Gone are the fortress-like volumes and architectural forms that once defined Mayner’s work. In their place, garments now seem to float, descend, and wrap themselves around the body with a sense of grace that borders on the ephemeral. Shirts and jackets shed their shoulders, collapsing into fabric that whispers rather than shouts. The fit is loose, but not careless. It is intentional, precise in its defiance.
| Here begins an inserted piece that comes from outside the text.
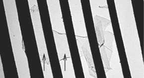 Investigations of individual graphene sheets freely suspended on a microfabricated scaffold in vacuum or in air reveal that the membranes are not perfectly flat, but exhibit an intrinsic waviness, such that the surface normal varies by several degrees, and out-of-plane deformations reach 1 nm.

Delicate florals and gingham prints nod to vintage domestic interiors, reimagining nostalgia as a soft armor. Trousers and shorts in handkerchief cuts descend like petals from the waist. Elongated hooded parkas and pinched blazers play with volume and restraint, often held together with nothing more than a safety pin. The collection's textures, crunchy cottons, sheered wool, stretched knits layered over foam, create a tactile dialogue between skin, air, and fabric.There’s something alien in Mayner’s figures; pillbox hats and padded silhouettes recall a wardrobe assembled for another planet. Yet this collection feels deeply grounded in human warmth. These are clothes meant to shelter, not shield; to invite, not intimidate.
Perhaps most striking is Mayner’s treatment of structure, not as something to build, but to let go of. This act of “emptying” becomes a philosophy of dressing. Every drape and drop serves a purpose: to allow movement, to invite touch, to let the body breathe. It’s clothing as gesture, as vulnerability, as resistance to rigidity.